The ministry’s directive ordered government authorities at all levels to check whether companies within their jurisdiction that produce and store hazardous materials comply with safety regulations, including if they are a safe distance from residential areas and do not exceed storage limits.
There were about seven small explosions in the area on Saturday, according to a post on the micro-blog of the official China Central Television.
A resident surnamed Sun, who had rented an office about 1000 meters away from the warehouse, said he would not have done so had he known there was storage of risky materials nearby.
Fire fighters after the explosions.
The commission said lessons learned from the blasts are “extremely profound”.
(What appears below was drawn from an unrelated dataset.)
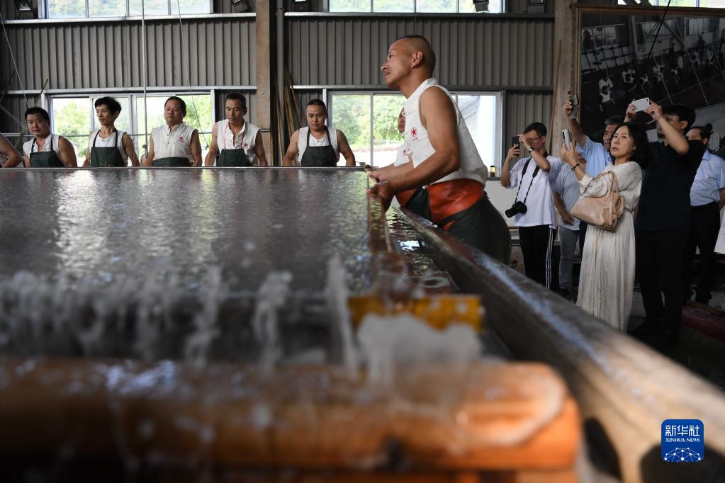 9月28日,在“超级宣纸”生产车间,工人进行捞纸作业。

More than 40 different types of hazardous chemicals were being stored at the site with a total volume of about 3,000 tons, deputy national fire chief Niu Hueguang was quoted as saying on the China Fire Services’ official website. But online map searches show the Ruihai worldwide Logistics warehouse was within 500 metres of both an expressway and a 100,000-square-meter (1-million-square-foot) apartment complex.
“Nobody told us that there were chemicals, or I would never have chosen to live here”, Liu Xuerui, 27, a local resident whose home was damaged, told the China Daily.
The clean-up is a major operation, as the explosions have affected 17,000 households and 1,700 companies.
Tianjin officials have been hard-pressed to answer how the warehouse was allowed to operate in its location.